As we left Ennedi we felt a deep sense of disquietude. Getting there was so difficult, and we had fallen in love with the place. It’s best to leave wanting more, and we definitely wanted, and want, more Ennedi. I hope we will return one day.
Kelly’s thoughts…
I have been to a few of the truly remote and exceptional places on earth, the Skeleton Coast of Namibia, Gunang Mulu, Kazakhstan, the Altiplano of Bolivia, but nowhere really compares to the Ennedi Plateau. I left transformed, having been to a place so few have been, but which is among the most dramatically beautiful and historically interesting regions of the world. I remember hearing someone once say, I cannot remember who, “Everywhere in the world has been explored… but not by me!” I am so blessed to have explored so many fascinating places, and hope to keep it up. And I am SO lucky to now be exploring with my lovely and lovable partner, Riki.
Kalait
We left Ennedi in the morning after a quick walk around the main camp while Yves and Armondo packed things up. As we drove away, we were anticipating another long, long drive across the complicated country that is Chad. Our route retraced a portion of our route back to the frontier town of Kalait for fuel and supplies… and for a few souveniers. Yves helped us to buy some items that were not tourist items, but, rather, things that everyday Chadians use. There really is no tourist culture, so there was no markets similar to other places I’ve been with carvings or textiles or other artisanía. But that was fine, what we wanted were some “authentic” chadian goods. I got a dagger, the kind that men wear on their arms or their belts. I also got a turban, an item I think is actually brilliant, a head covering to wrap entirely around the head and face to keep out wind and dust. It took some effort to learn how to properly wrap it. I stopped short of getting a jalabiya, the long, body-length shirt worn by most men of the region. Riki got some incense and perfume and a beautiful, ornate, blue cloth that women wear wrapped around their whole bodies including their heads. In the markets we saw clothing and home items, food and ingredients including various beans and lentils, coffee, salt, chiles, figs, onions, garlic, ginger and peanuts.
People
Our route from Kalait south to Zakouma National Park was long with rough, bad roads, but through a region with more people and villages and towns than what we experienced through central Chad. For three days we drove, stopping to camp twice along the way. Like in many developing countries, a paved, raised road had been built in areas, but there was no money for maintenance, and massive, overloaded trucks beat the road into potholes. So most often we drove beside the road on makeshift bypasses and dirt tracks. It was slow going.
More people were along this route, and we saw various types of dwellings, especially the beautiful, round, thatch-roofed huts. Although there were camels, there seemed to be fewer along the route, but there were vast numbers of cattle, sheep, goats, horses, and even more donkeys than we had seen before. Donkeys were everywhere being ridden by especially children and women. Donkeys were pulling wagons and carrying gear and water and products of various kinds. The funniest ones we saw were completely obscured by giant loads of long grass making them look like giant, untrimmed Chia donkeys.
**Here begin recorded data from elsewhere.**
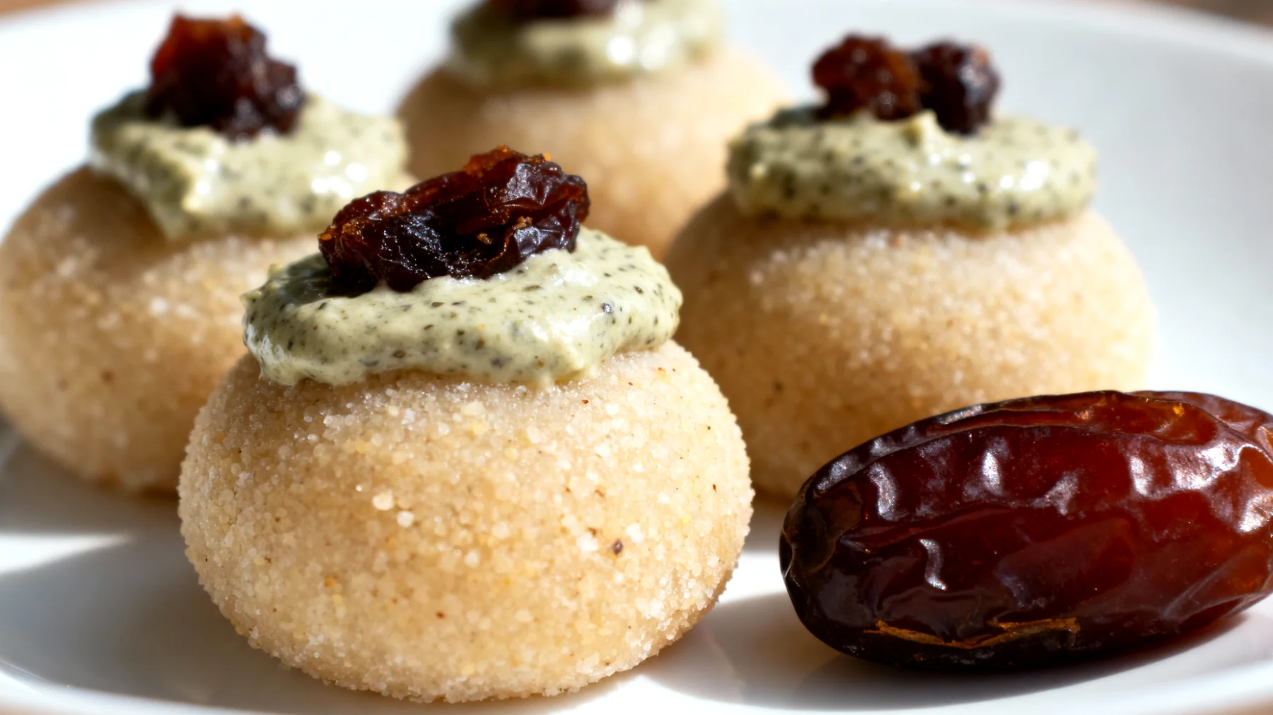 Nella crema che farcisce i mochi, i datteri svolgono una doppia funzione: dolcificano naturalmente e forniscono energia rapidamente disponibile grazie al loro contenuto di zuccheri semplici. Il fruttosio e il glucosio presenti nei datteri vengono assorbiti velocemente dall’organismo.
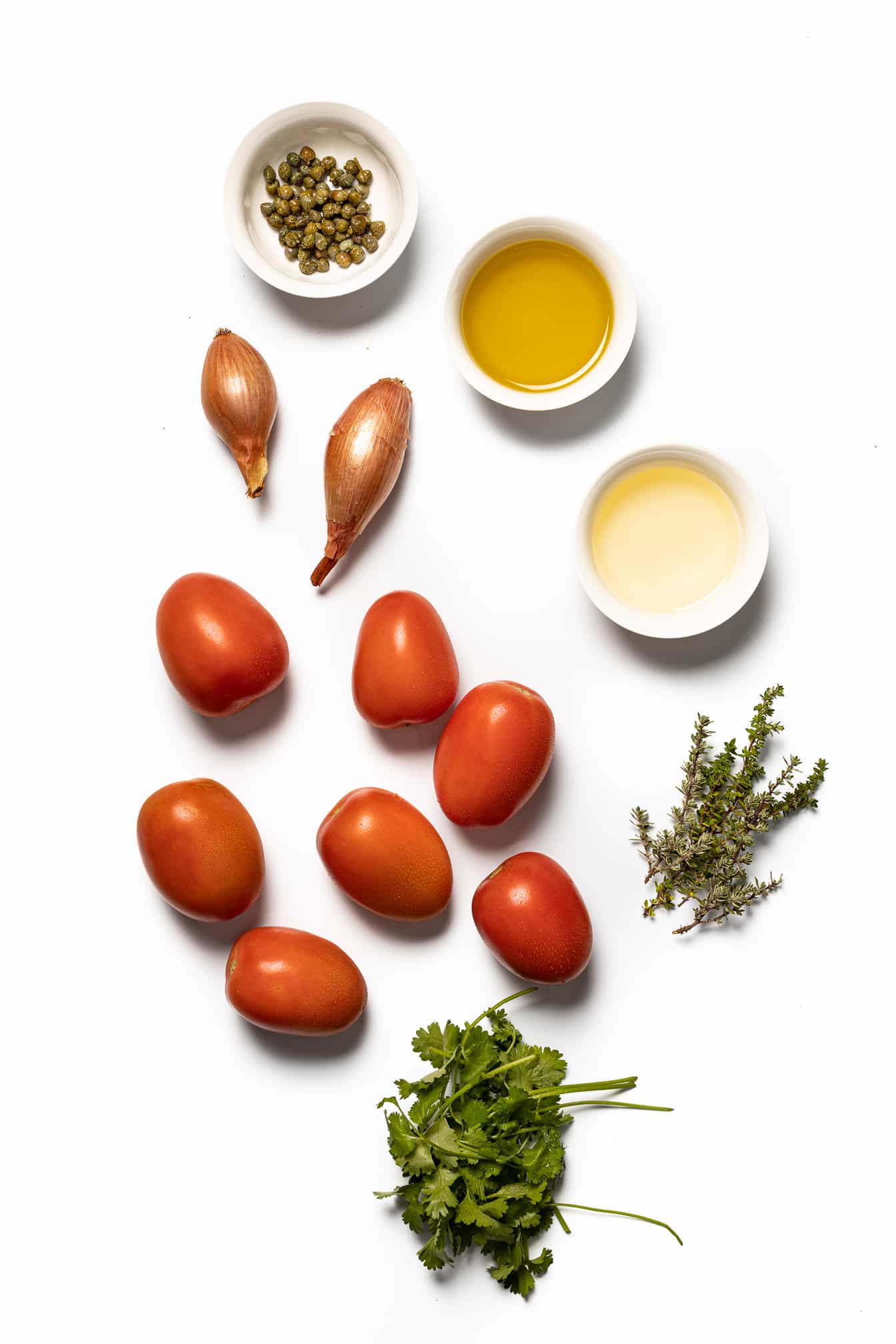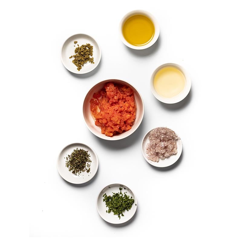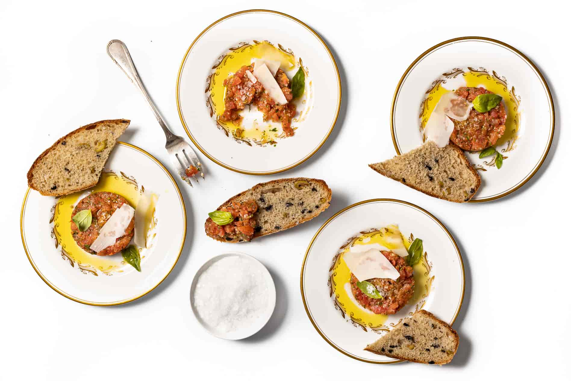 The moment I decided to really start exploring plant-based cooking, I knew I wasn’t going to bend over backwards to make mushrooms taste like grilled steak or pumpkin like shellfish – not when there’s such a wonderful spectrum of flavour to explore in the vegetable world. I’d rather enjoy vegetables for what they are than try to force them to be something they’re not… with the exception of this tomato tartare! But I’m proud to say that there’s nothing adulterated about this fully plant-based delight – no unnecessary flavourants – just tomato instead of steak. The omission of steak means this tartare is deliciously light, which makes for the perfect starter, along with a freshly baked olive bread. I know what I’m making (again) this weekend.
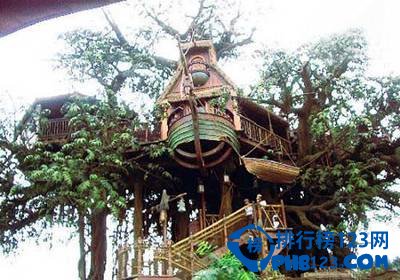 早期的树顶旅馆完全搭建在几棵大树杈上,目前的建筑仍为全木结构,只是大树杈换成了数十根大木柱。
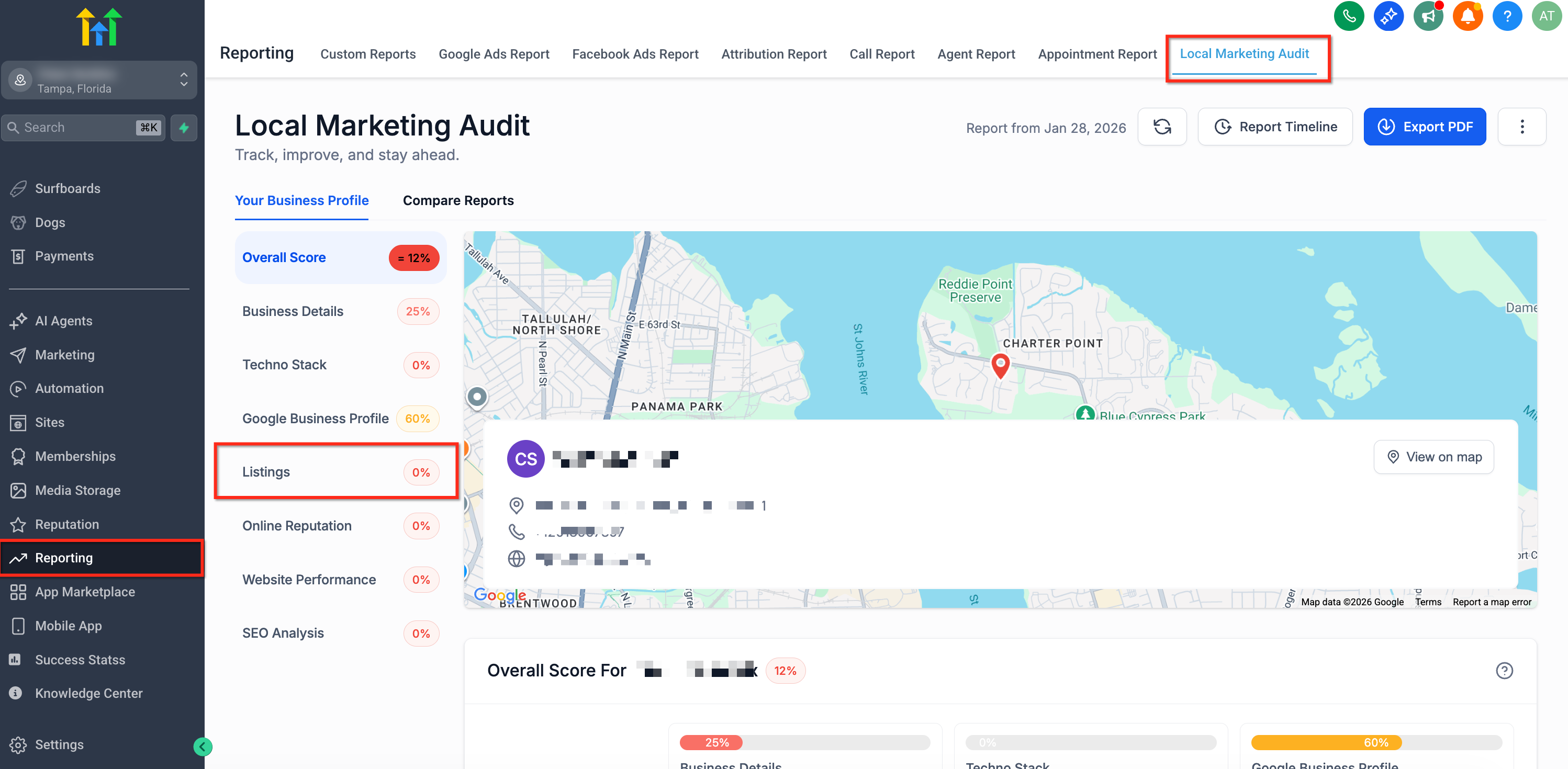 1. Open a Marketing Audit Report (Sub‑Account → Reporting → Local Marketing Audit)
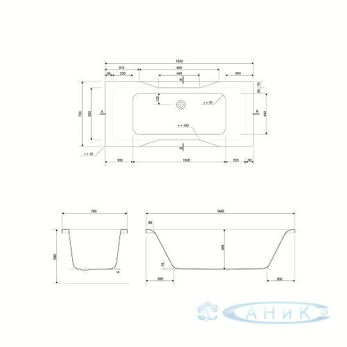 Ванна в комплекте с ножками. Изготовлено из акрила с антибактериальным компонентом.
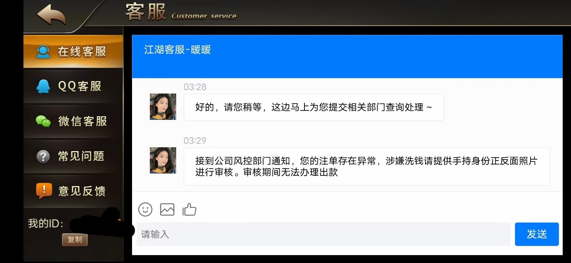 正常充值一千,没申请任何优惠,正常玩,打到两千三提现直接黑款

According to Yves, the donkey is the ”Minister of Transportation” of Chad.
But we also saw huge, overloaded trucks and pickups piled high with products and people on top of everything, dangling off the sides. Were they strapped in or tied on?? Did anyone ever fall off with rough driving on the awful roads?
In this part of Chad we also saw large caravans of nomadic herders traveling with camels and their livestock, with some camels piled high with household goods. Whole families or groups of families were loaded and heading north for the dry season where they would stay for several months before returning.
Abeche and Peter’s house
We stopped for a while in a somewhat larger town, Abeche. Here we visited a house owned by a man named Peter and his wife. Peter had come on a humanitarian mission from Switzerland with his mother in the late 1980s and stayed. He married a Chadian woman, and they had a small compound and a hotel in Abeche. His wife was an amazing woman who had started an NGO to help with the refugees from Sudan. She also administered an artists guild and we shopped in her small store of crafts and carvings, the first tourist souveniers we had seen. At the compound was a small school, and there were adopted children which we learned had been abandoned as babies at the doors. Peter also drove a truck and ran their small hotel.
Tied in a tree was a female patas monkey named, Halifax. She was inquisitive and sweet. Apparently she had wandered into a refugee camp where they were going to eat her. Peter’s wife rescued her and brought her back to their house.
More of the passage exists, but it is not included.